For the overload that receives a string argument, you can convert the string into a column object using the com.snowflake.snowpark.functions.col function as a workaround.
val df = Seq(0.5, 0.6, -0.5).toDF("value")
val result1 = df.select(col("value"), asin(col("value")).as("asin_value"))
val result2 = df.select(col("value"), asin(col("value")).as("asin_value"))
Additional recommendations¶
For more support, you can email us at sma-support@snowflake.com or post an issue in the SMA.
SPRKSCL1130¶
Message: org.apache.spark.sql.functions.greatest has a workaround, see documentation for more info
Category: Warning
Description¶
This issue appears when the SMA detects a use of the org.apache.spark.sql.functions.greatest (https://spark.apache.org/docs/latest/api/scala/org/apache/spark/sql/functions$.html#greatest(columnName:String,columnNames:String*):org.apache.spark.sql.Column) function, which has a workaround.
Scenario¶
Input
Below is an example of the org.apache.spark.sql.functions.greatest
function, first used with multiple column names as arguments and then with multiple column objects.
val df = Seq(
("apple", 10, 20, 15),
("banana", 5, 25, 18),
("mango", 12, 8, 30)
).toDF("fruit", "value1", "value2", "value3")
val result1 = df.withColumn("greatest", greatest("value1", "value2", "value3"))
val result2 = df.withColumn("greatest", greatest(col("value1"), col("value2"), col("value3")))
Output
The SMA adds the EWI SPRKSCL1130
to the output code to let you know that this function is not fully supported by Snowpark, but it has a workaround.
val df = Seq(
("apple", 10, 20, 15),
("banana", 5, 25, 18),
("mango", 12, 8, 30)
).toDF("fruit", "value1", "value2", "value3")
/*EWI: SPRKSCL1130 => org.apache.spark.sql.functions.greatest has a workaround, see documentation for more info*/
val result1 = df.withColumn("greatest", greatest("value1", "value2", "value3"))
/*EWI: SPRKSCL1130 => org.apache.spark.sql.functions.greatest has a workaround, see documentation for more info*/
val result2 = df.withColumn("greatest", greatest(col("value1"), col("value2"), col("value3")))
Recommended fix
Snowpark has an equivalent greatest function that receives multiple column objects as arguments.
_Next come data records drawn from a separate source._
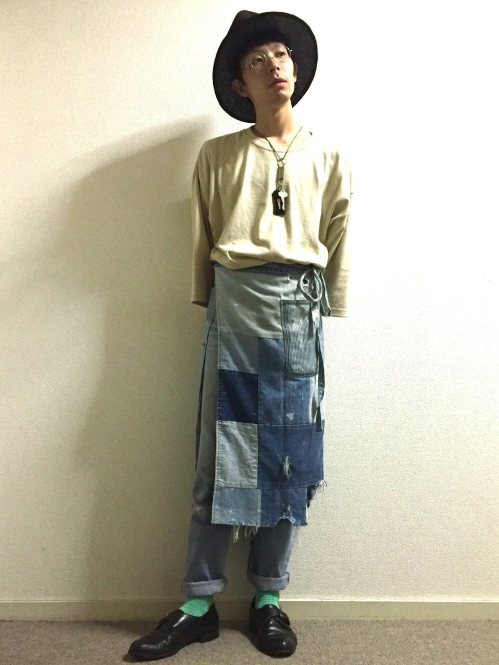 デニムのエプロンをズタボロに。 中々味が出て更に良くなった気がする! デニムエプロンにジーンズを合わせ デニム×デニム。 ビックTシャツで緩さもプラス。
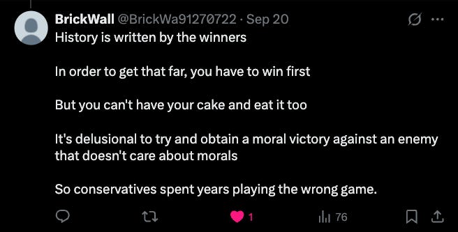 1. It’s over. What was an infinite game—a game played for Life, Liberty, and the pursuit of Happiness—is now a finite game, played not even for the thrill of victory, but for the dark ecstasy of crushing one’s enemies. There are no more players, no more liberals or conservatives, only those who oppose the Right and those who oppose the Left.
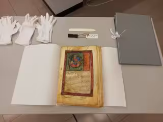 Igualmente, se trató la acidez del documento mediante la aplicación de una disolución alcalina de Óxido de Magnesio. Una vez estabilizado y tratado el soporte, se procedió a reintegrar las faltas que tenía, lo que se realizó mediante injertos en papel vitela y pergamino de similar color. Después de los injertos se reintegraron cromáticamente las pérdidas de capa pictórica con acuarela con la técnica de puntos. Por último, se protegieron las ilustraciones con un Fijativo en Spray, para asegurar una mayor conservación.
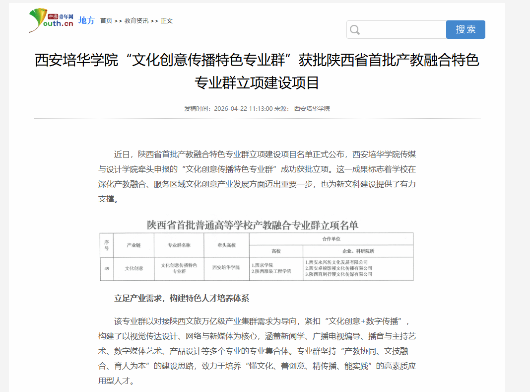 近日,陕西省首批产教融合特色专业群立项建设项目名单正式公布,西安培华学院传媒与设计学院牵头申报的“文化创意传播特色专业群”成功获批立项。这一成果标志着学校在深化产教融合、服务区域文化创意产业发展方面迈出重要一步,也为新文科建设提供了有力支撑。
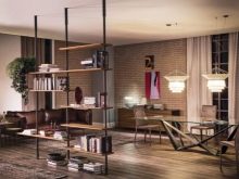 - consolas y racks - elementos de estilo frecuentes que reemplazan cajoneras masivas, hacen un excelente trabajo con la zonificación del espacio y sirven como espacios de almacenamiento espaciosos.
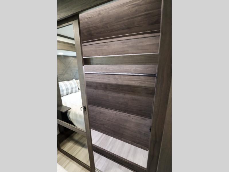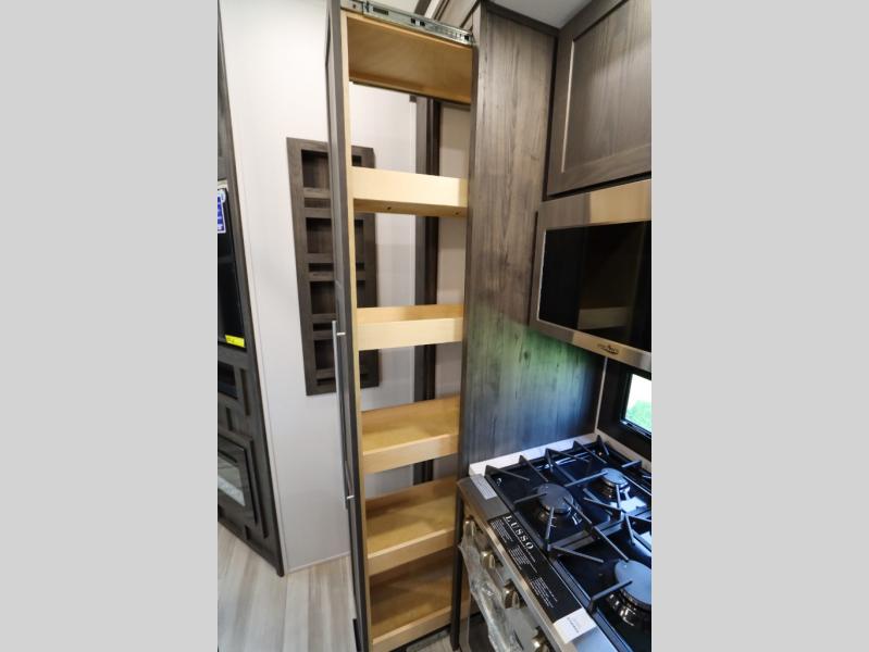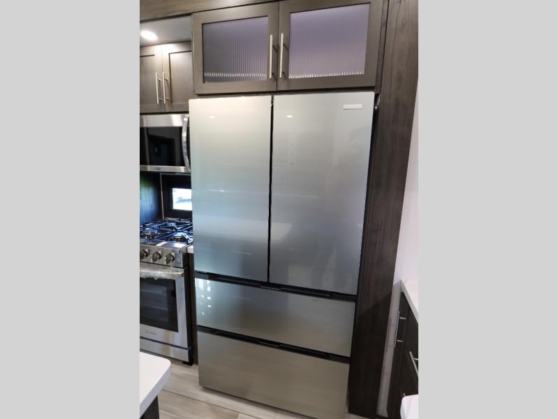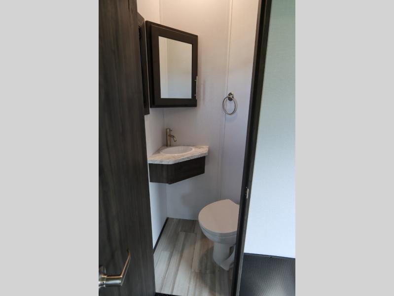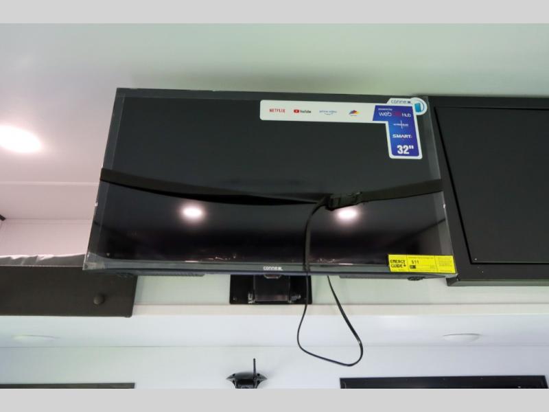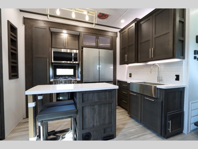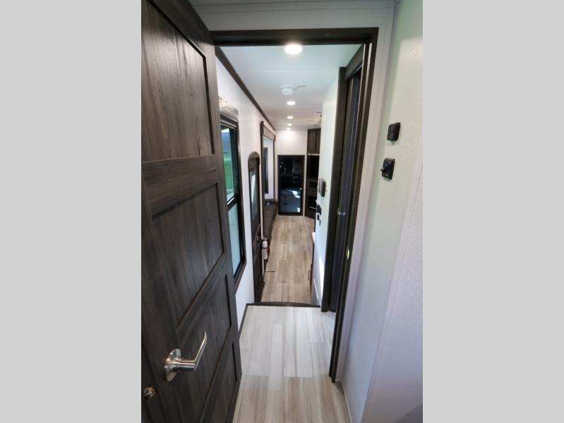 You will have plenty of room to store your off-road toys with a 15' garage area that comes with an Adjust-A-Track system! Once you unload your toys with the 8' MORryde zero gravity ramp door, you can set up the dual opposing sofas with a top queen bed above, the LED TV, and the loft with a bunk mat, plus there is a half bathroom and one of the dual entrance doors to the unit. The chef will have everything they need to prepare their best home cooked meals and others can sit at the center table with swing-out stools to socialize with them while they prepare it. Gather together on the residential four person sofa slide for movie night with the entertainment center which has a fireplace for an even cozier evening. The dual entry bathroom makes it easy for everyone to freshen up in, especially those staying in the front private bedroom which has a front master closet with washer and dryer prep for clean clothes throughout your trip and Fuzion king bed slide!
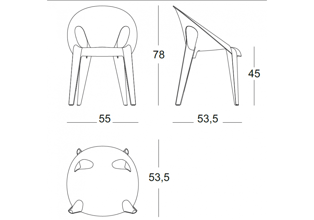 Bell Chair von Konstantin Grcic für Magis entworfen, ist ein Set aus 4 Stühlen aus Polypropylen und Fiberglas. Verfügbar in verschiedenen Ausführungen.
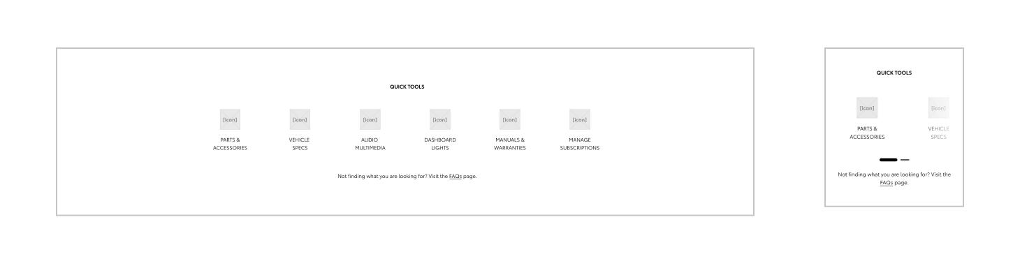 B: Quick Tools Menu. By creating a single source for all Model / Year contextual links, I could explore removing links from the crowded navigation and consider how the owner’s environment fits into the new global nav.
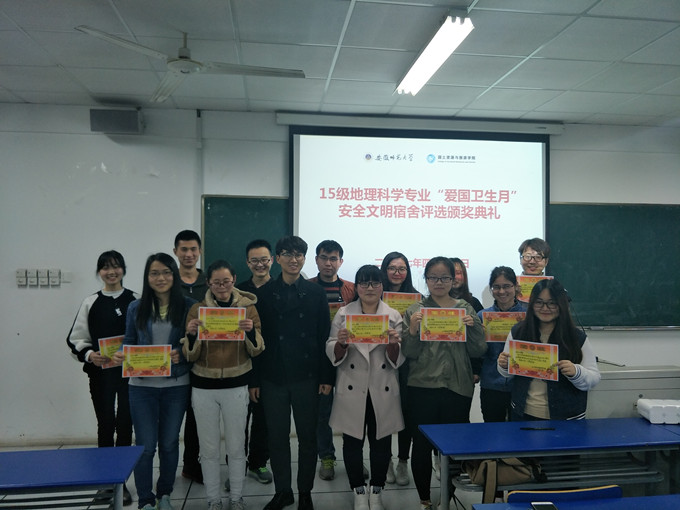 本网讯 (文/高润艺 图/王琨)今年四月是我国第29个爱国卫生月,为提高学生安全卫生意识,营造舒适健康的学习生活环境,近日,2015级地理科学专业实习辅导员张春光老师带领本专业全体学生举办了爱国卫生月主题系列活动,依次通过动员宣传、检查走访、评选总结的形式,让班级学生学习和了解卫生知识,养成文明健康的生活方式和行为。
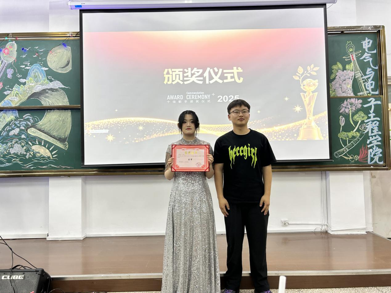 学生会主席李昊一为亚军赵蔷玥颁奖
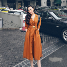C家春装新款女装欧美高腰V领显瘦中袖风衣款大摆连衣裙长裙

For that reason, the Spark overload that receives column objects as arguments is directly supported by Snowpark and does not require any changes.
For the overload that receives multiple string arguments, you can convert the strings into column objects using the com.snowflake.snowpark.functions.col function as a workaround.
val df = Seq(
("apple", 10, 20, 15),
("banana", 5, 25, 18),
("mango", 12, 8, 30)
).toDF("fruit", "value1", "value2", "value3")
val result1 = df.withColumn("greatest", greatest(col("value1"), col("value2"), col("value3")))
val result2 = df.withColumn("greatest", greatest(col("value1"), col("value2"), col("value3")))
Additional recommendations¶
For more support, you can email us at sma-support@snowflake.com or post an issue in the SMA.
description: >- Snowpark and Snowpark Extensions were not added to the project configuration file.
SPRKSCL1161¶
Message: Failed to add dependencies.
Category: Conversion error.
Description¶
This issue occurs when the SMA detects a Spark version in the project configuration file that is not supported by the SMA, therefore SMA could not add the Snowpark and Snowpark Extensions dependencies to the corresponding project configuration file. If Snowpark dependencies are not added, the migrated code will not compile.
Scenarios¶
There are three possible scenarios: sbt, gradle and pom.xml. The SMA tries to process the project configuration file by removing Spark dependencies and adding Snowpark and Snowpark Extensions dependencies.
Scenario 1¶
Input
Below is an example of the dependencies
section of a sbt
project configuration file.
...
libraryDependencies += "org.apache.spark" % "spark-core_2.13" % "3.5.3"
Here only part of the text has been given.